Conservation of C4BP-binding sequence patterns in Streptococcus pyogenes M and Enn proteins

Abstract

Antigenically sequence variable M proteins of the major bacterial pathogen Streptococcus pyogenes (Strep A) are responsible for recruiting human C4b-binding protein (C4BP) to the bacterial surface, which enables Strep A to evade destruction by the immune system. The most sequence divergent portion of M proteins, the hypervariable region (HVR), is responsible for binding C4BP. Structural evidence points to the conservation of two C4BP-binding sequence patterns (M2 and M22) in the HVR of numerous M proteins, with this conservation applicable to vaccine immunogen design.
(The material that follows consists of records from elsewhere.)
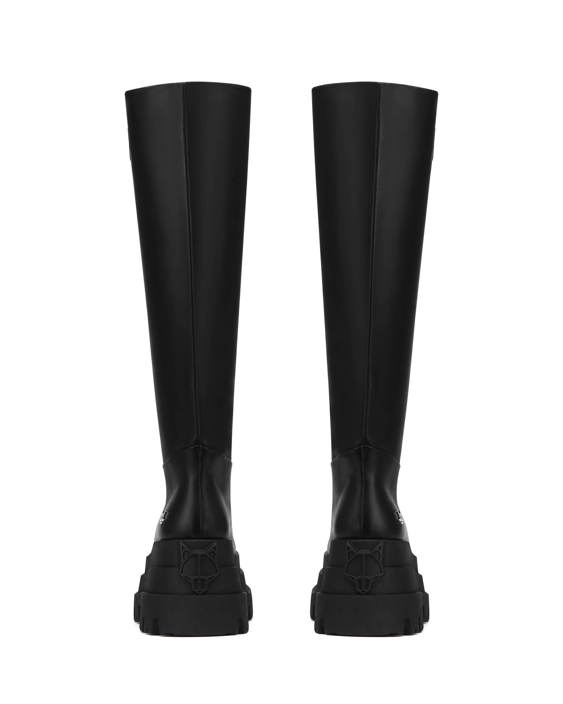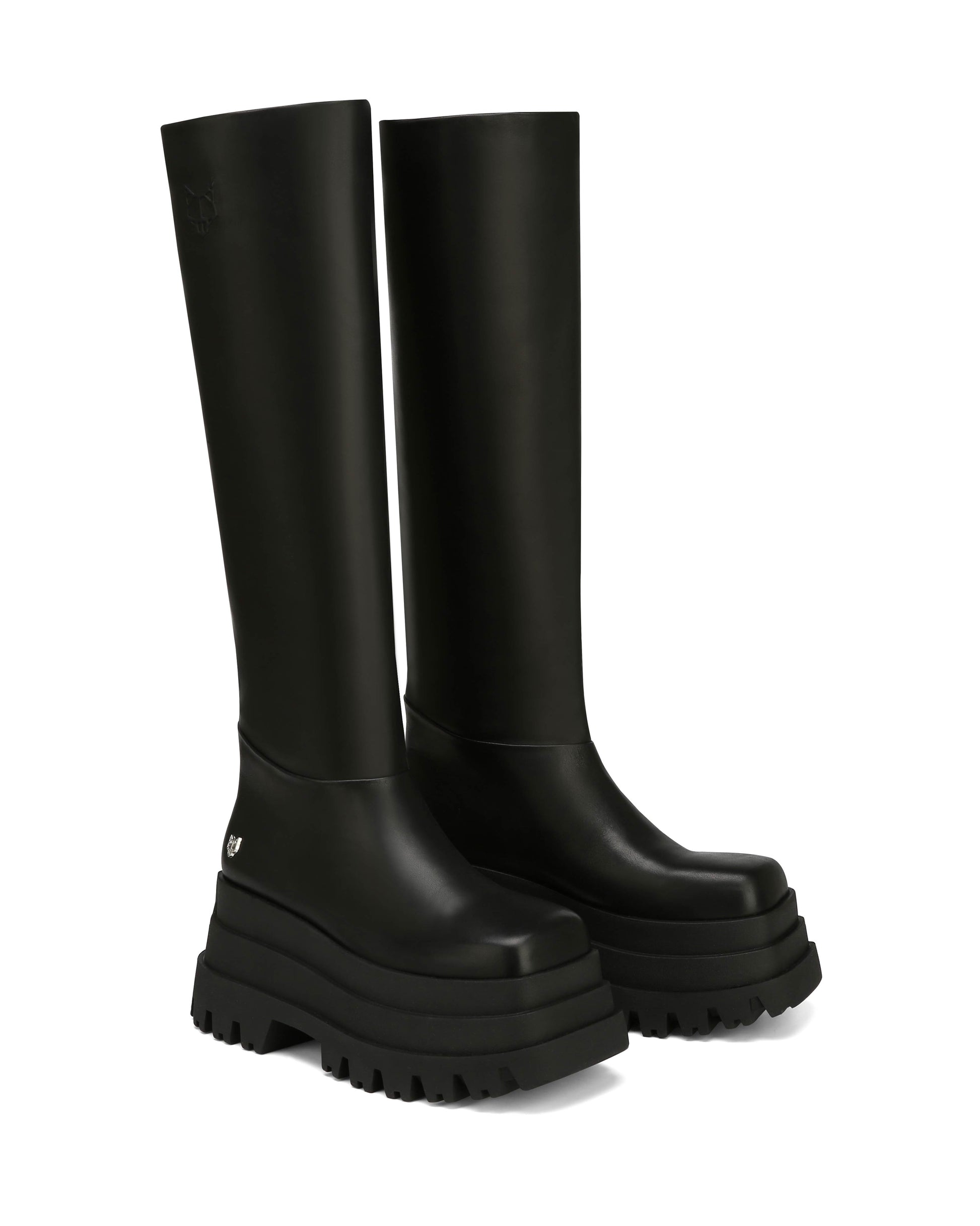 Sasha, our brand new A/W 22 over the knee straight leg leather boot has arrived. Featuring a Custom Naked Wolfe designed 3 tier outsole with a Wolfe Head logo embedded in the heel and Square toe detail.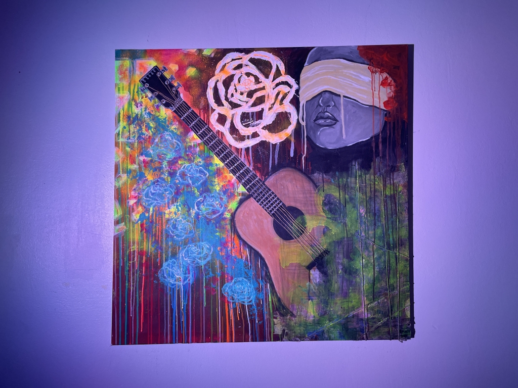 Kuvaus: Spay,- akrylli- ja uv-maali. Kitaran kielessä hartsilankaa.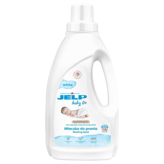 JELP Baby 0+ to hipoalergiczne mleczko do prania białych tkanin stworzone specjalnie dla niemowląt od 1. dnia życia. Skutecznie usuwa zabrudzenia już w 30°C i jest wyjątkowo delikatne dla wrażliwej skóry dziecka.

These two patterns, however, only partially explain C4BP binding by Strep A. Here, we identified several M proteins that lack these patterns but still bind C4BP and determined the structures of two, M68 and M87 HVRs, in complex with a C4BP fragment. Mutagenesis of these M proteins led to the identification of amino acids that are crucial for C4BP binding, enabling formulation of new C4BP-binding patterns. Mutagenesis was also carried out on M2 and M22 proteins to refine or generate experimentally grounded C4BP-binding patterns. The M22 pattern was the most prevalent among M proteins, followed by the M87 and M2 patterns, while the M68 pattern was rare. These patterns, except for M68, were also evident in numerous M-like Enn proteins. Binding of C4BP via these patterns to Enn proteins was verified. We conclude that C4BP-binding patterns occur frequently in Strep A strains of differing M types, being present in their M or Enn proteins, or frequently both, providing further impetus for their use as vaccine immunogens.
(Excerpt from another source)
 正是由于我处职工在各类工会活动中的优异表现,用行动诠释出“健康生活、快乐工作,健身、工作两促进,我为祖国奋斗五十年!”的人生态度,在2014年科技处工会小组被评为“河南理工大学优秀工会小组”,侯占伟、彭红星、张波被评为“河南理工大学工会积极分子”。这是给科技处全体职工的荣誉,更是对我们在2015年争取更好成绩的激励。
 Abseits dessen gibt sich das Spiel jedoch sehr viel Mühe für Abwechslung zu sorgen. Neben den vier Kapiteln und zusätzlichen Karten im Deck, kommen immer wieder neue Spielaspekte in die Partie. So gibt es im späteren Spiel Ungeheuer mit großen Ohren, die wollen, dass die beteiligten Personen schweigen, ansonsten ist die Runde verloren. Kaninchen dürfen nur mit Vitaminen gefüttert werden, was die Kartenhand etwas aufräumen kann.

Keywords: C4BP; M protein; Streptococcus pyogenes; cross-reactivity; immunogen.

Figure 1

Binding of C4BP to M proteins.A, schematic of C4BP sites (left) and M protein amino acids (right) involved in interaction for the M2 and M22 patterns, in open book format. The M protein amino acids do not correspond to any specific M protein but show interactions common to M2, M22, M28, and M49 HVRs. Yellow shading corresponds to hydrophobic interactions. B, binding of soluble His₆-M^N100 protein constructs to immobilized intact C4BP, as evaluated by ELISA. Bound His₆-M^N100 protein constructs were detected with horseradish peroxidase-conjugated anti-His₆ antibodies. Values were normalized by the value of C4BP binding to His₆-M2^N100. Data from three biological replicates are presented with means and SDs. The dotted line shows the normalized value for C4BP binding to His₆-M5^N100 plus three SDs. C4BP, C4b-binding protein; HVR, hypervariable region.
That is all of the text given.